* _TASK OBJECTIVE_
Take the lines in the listing below from the line with "After the coral" up to and including the line with "Cette zone permet" and set them down exactly, skipping pictures and adding nothing.

* _DATA PROVIDED_
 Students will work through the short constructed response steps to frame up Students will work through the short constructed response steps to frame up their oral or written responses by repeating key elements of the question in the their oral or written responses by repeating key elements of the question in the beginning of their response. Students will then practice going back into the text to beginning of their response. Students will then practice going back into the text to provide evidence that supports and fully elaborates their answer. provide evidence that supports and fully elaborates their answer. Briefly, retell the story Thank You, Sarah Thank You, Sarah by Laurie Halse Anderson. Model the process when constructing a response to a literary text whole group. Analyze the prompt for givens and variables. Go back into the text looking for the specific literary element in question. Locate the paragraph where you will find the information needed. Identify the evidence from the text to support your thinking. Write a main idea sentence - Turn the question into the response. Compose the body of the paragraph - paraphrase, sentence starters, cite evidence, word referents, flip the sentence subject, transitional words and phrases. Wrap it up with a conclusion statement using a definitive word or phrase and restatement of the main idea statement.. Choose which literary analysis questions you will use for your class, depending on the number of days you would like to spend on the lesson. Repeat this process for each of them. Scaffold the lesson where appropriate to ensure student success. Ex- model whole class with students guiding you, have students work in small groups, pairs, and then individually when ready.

==

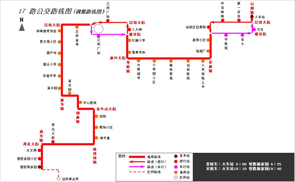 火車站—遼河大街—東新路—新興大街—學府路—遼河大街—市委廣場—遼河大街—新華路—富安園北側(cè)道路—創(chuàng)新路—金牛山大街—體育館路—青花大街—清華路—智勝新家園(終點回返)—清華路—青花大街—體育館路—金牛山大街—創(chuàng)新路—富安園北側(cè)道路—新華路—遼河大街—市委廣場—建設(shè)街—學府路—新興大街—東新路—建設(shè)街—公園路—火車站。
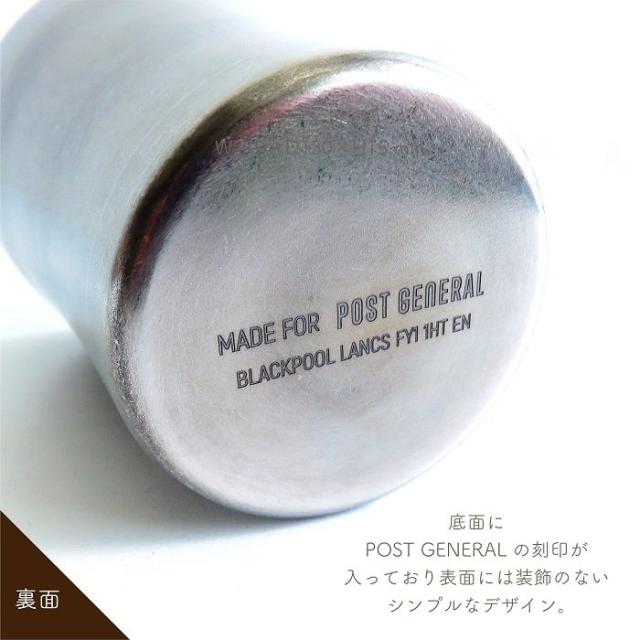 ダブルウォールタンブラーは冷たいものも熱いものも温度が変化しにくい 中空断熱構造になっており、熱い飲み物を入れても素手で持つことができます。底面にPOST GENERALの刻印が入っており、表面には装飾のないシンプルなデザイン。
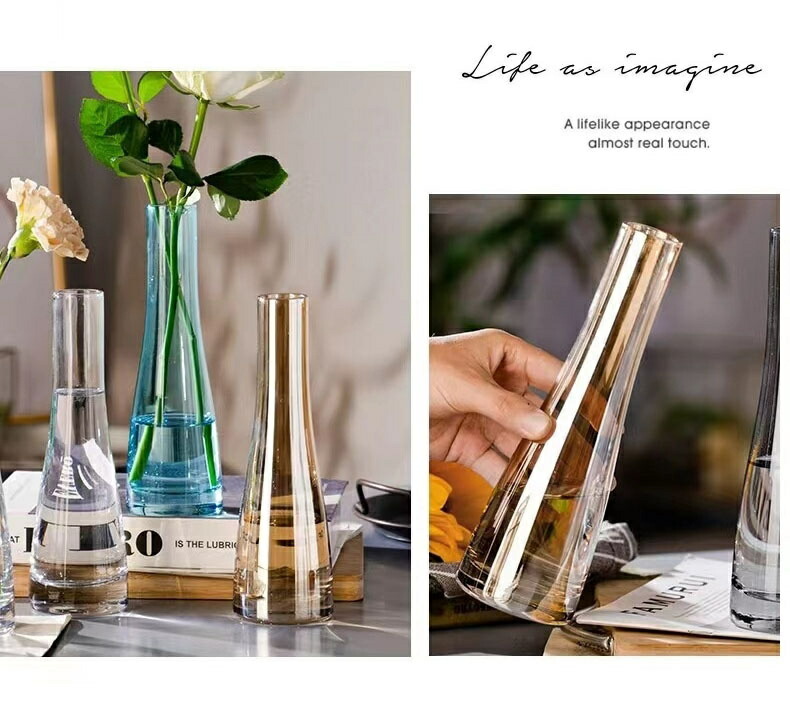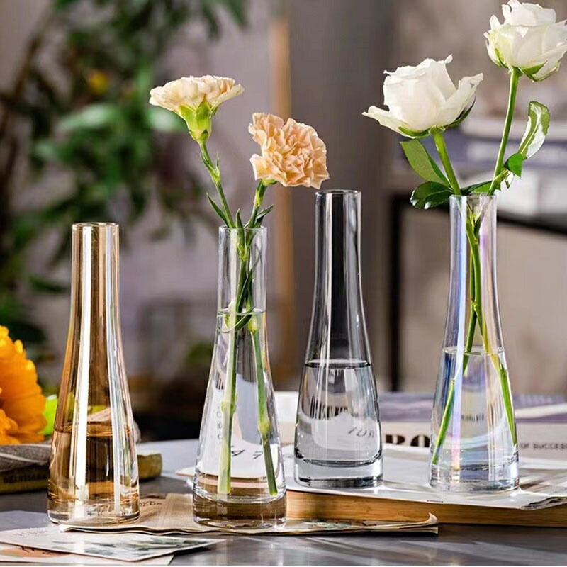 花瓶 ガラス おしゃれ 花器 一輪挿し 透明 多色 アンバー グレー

* * *

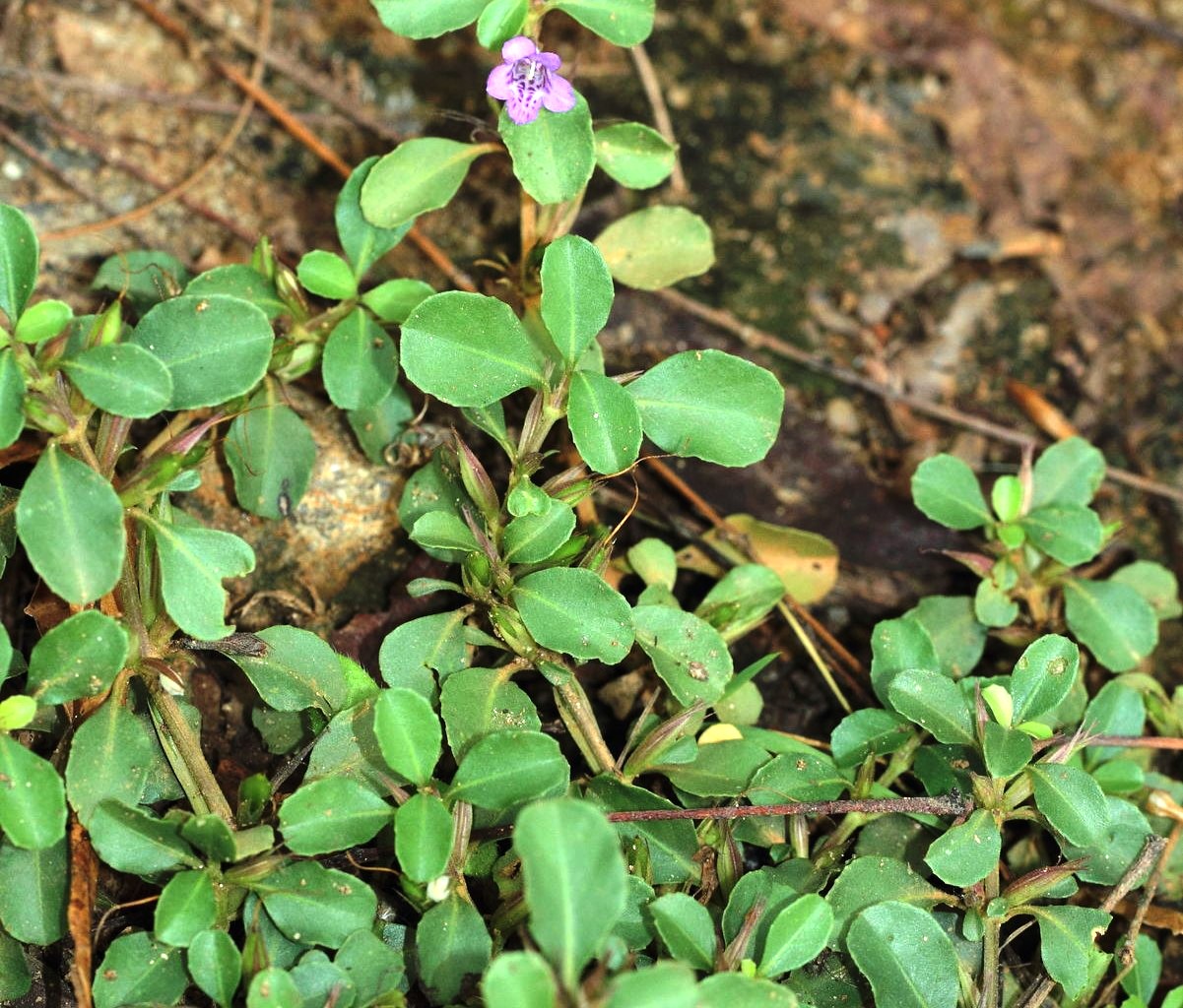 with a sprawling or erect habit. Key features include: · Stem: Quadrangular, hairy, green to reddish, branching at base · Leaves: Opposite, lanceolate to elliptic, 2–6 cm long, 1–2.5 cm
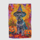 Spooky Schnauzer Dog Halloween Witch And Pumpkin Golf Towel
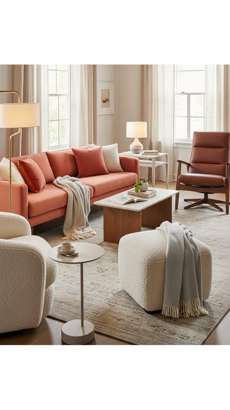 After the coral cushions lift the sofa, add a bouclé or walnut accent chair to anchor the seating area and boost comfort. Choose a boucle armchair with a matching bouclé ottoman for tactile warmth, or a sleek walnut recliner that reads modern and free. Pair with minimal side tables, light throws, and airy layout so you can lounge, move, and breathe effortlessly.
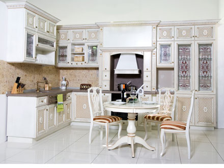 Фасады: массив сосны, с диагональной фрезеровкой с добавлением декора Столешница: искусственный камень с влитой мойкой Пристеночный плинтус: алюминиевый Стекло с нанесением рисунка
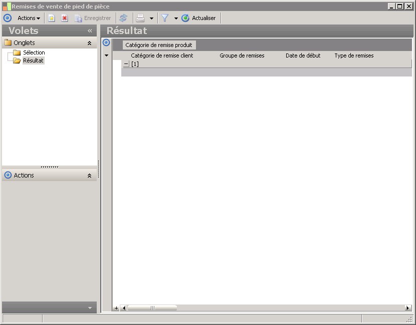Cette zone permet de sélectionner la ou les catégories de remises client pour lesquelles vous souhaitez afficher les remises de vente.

* _EXERCISE RESPONSE_
 After the coral cushions lift the sofa, add a bouclé or walnut accent chair to anchor the seating area and boost comfort. Choose a boucle armchair with a matching bouclé ottoman for tactile warmth, or a sleek walnut recliner that reads modern and free. Pair with minimal side tables, light throws, and airy layout so you can lounge, move, and breathe effortlessly.
 Фасады: массив сосны, с диагональной фрезеровкой с добавлением декора Столешница: искусственный камень с влитой мойкой Пристеночный плинтус: алюминиевый Стекло с нанесением рисунка
Cette zone permet de sélectionner la ou les catégories de remises client pour lesquelles vous souhaitez afficher les remises de vente.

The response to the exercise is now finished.